• AIM OF THE EXERCISE: Begin at the line containing "文化节在金秋的暖阳下拉开帷幕" and copy exactly through the last line of the listing, skipping every picture.

• SOURCE DATA:
#####
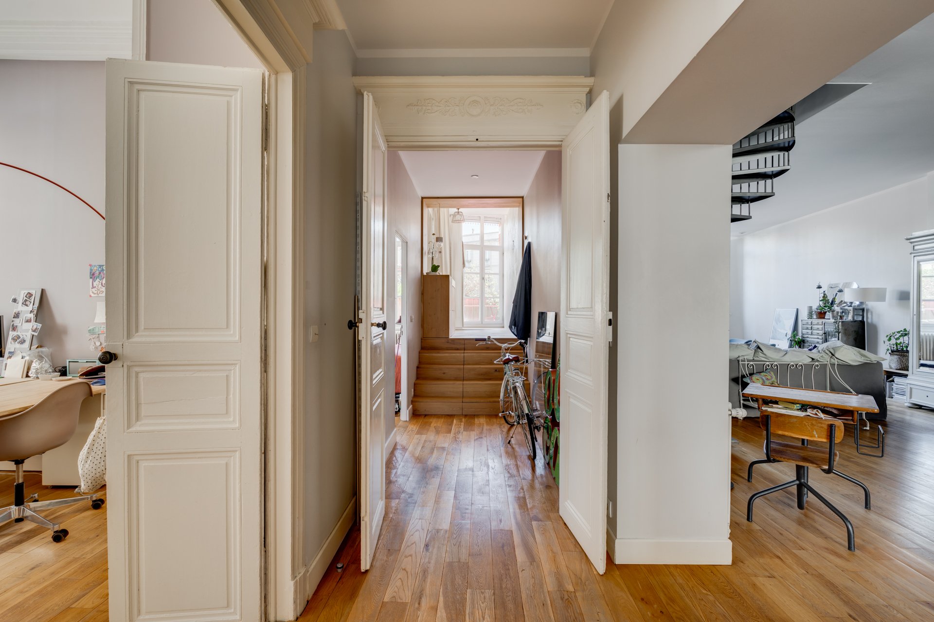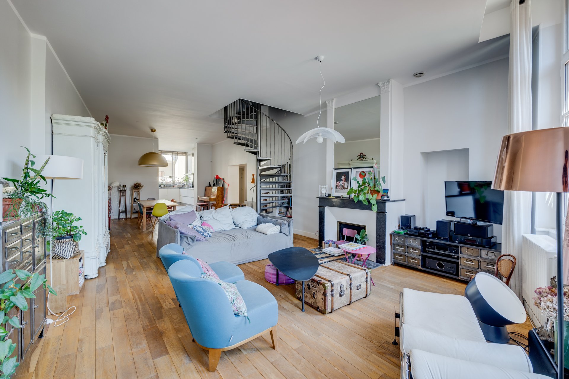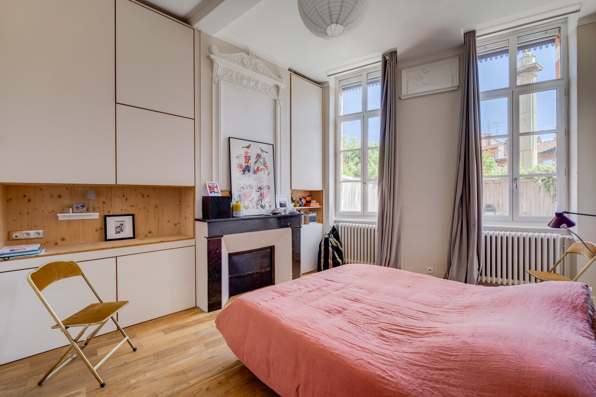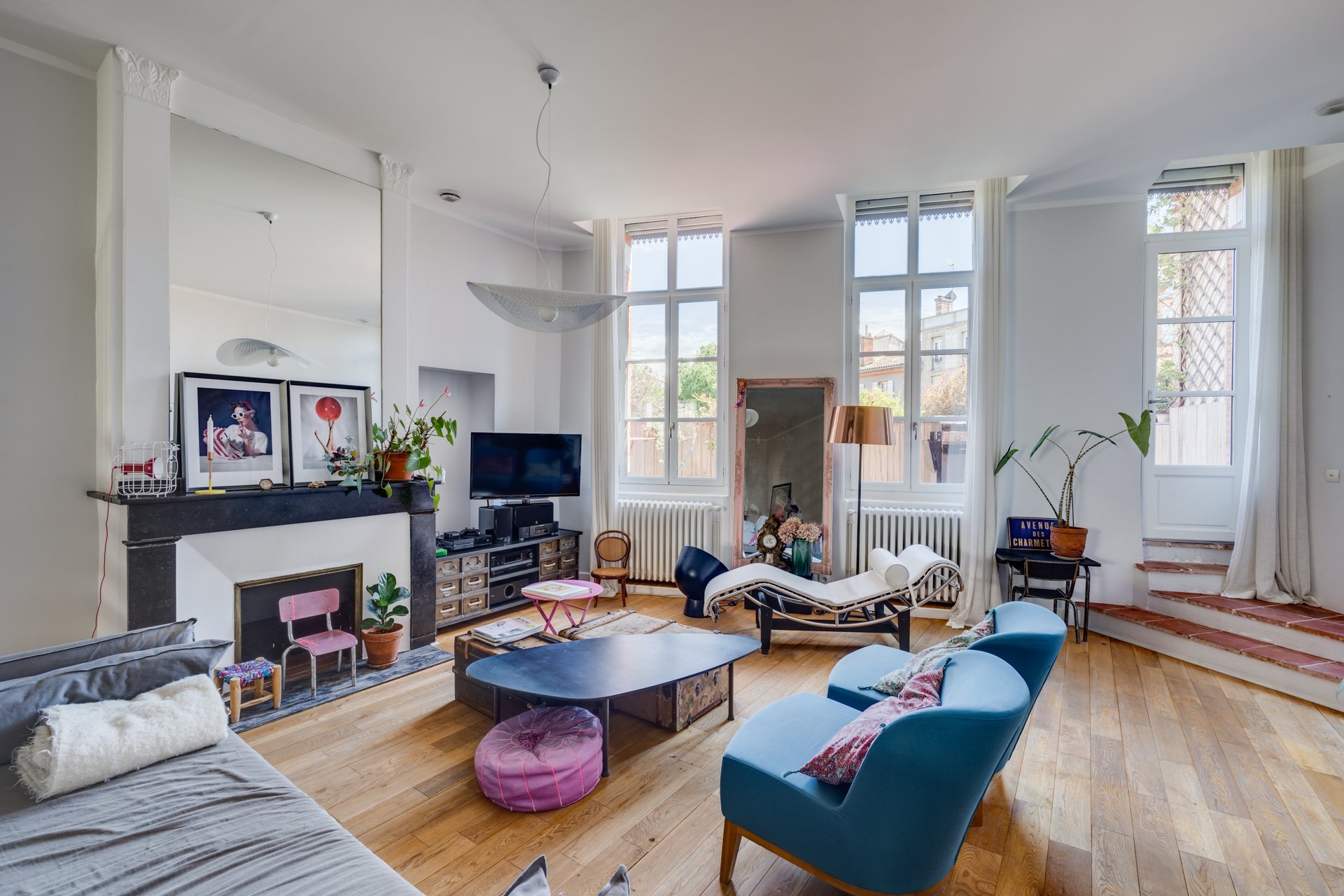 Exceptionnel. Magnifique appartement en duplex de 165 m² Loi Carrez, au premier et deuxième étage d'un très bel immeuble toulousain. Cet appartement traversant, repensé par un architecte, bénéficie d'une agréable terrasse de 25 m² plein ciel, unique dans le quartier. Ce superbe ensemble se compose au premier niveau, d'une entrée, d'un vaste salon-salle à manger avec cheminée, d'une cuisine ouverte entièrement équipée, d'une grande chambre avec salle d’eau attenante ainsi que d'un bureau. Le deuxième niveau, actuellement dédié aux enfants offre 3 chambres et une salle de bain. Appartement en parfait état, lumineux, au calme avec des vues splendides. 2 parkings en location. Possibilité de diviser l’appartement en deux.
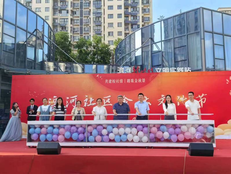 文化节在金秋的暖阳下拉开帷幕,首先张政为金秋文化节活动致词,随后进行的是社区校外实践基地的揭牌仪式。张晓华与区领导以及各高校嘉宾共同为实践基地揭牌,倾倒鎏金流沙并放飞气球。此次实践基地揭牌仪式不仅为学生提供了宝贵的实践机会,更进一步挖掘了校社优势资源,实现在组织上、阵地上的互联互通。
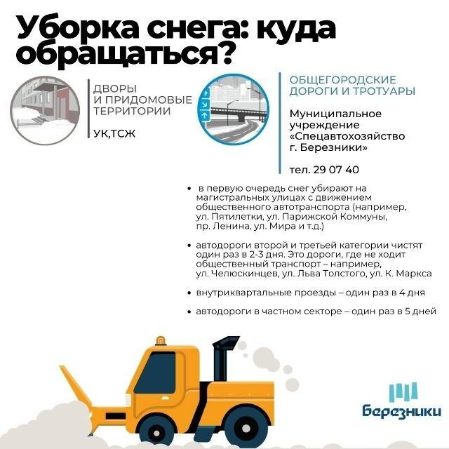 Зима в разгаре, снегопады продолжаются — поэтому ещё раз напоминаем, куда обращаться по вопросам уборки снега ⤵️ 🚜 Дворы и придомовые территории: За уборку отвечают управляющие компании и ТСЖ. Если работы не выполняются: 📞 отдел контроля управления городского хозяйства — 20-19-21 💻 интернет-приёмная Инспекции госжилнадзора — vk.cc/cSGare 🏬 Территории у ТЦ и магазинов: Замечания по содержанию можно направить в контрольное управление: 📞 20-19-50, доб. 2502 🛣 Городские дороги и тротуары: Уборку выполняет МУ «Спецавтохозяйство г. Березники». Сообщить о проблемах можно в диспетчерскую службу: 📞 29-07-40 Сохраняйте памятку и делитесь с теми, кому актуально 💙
#####
• ANSWER SECTION:
 文化节在金秋的暖阳下拉开帷幕,首先张政为金秋文化节活动致词,随后进行的是社区校外实践基地的揭牌仪式。张晓华与区领导以及各高校嘉宾共同为实践基地揭牌,倾倒鎏金流沙并放飞气球。此次实践基地揭牌仪式不仅为学生提供了宝贵的实践机会,更进一步挖掘了校社优势资源,实现在组织上、阵地上的互联互通。
 Зима в разгаре, снегопады продолжаются — поэтому ещё раз напоминаем, куда обращаться по вопросам уборки снега ⤵️ 🚜 Дворы и придомовые территории: За уборку отвечают управляющие компании и ТСЖ. Если работы не выполняются: 📞 отдел контроля управления городского хозяйства — 20-19-21 💻 интернет-приёмная Инспекции госжилнадзора — vk.cc/cSGare 🏬 Территории у ТЦ и магазинов: Замечания по содержанию можно направить в контрольное управление: 📞 20-19-50, доб. 2502 🛣 Городские дороги и тротуары: Уборку выполняет МУ «Спецавтохозяйство г. Березники». Сообщить о проблемах можно в диспетчерскую службу: 📞 29-07-40 Сохраняйте памятку и делитесь с теми, кому актуально 💙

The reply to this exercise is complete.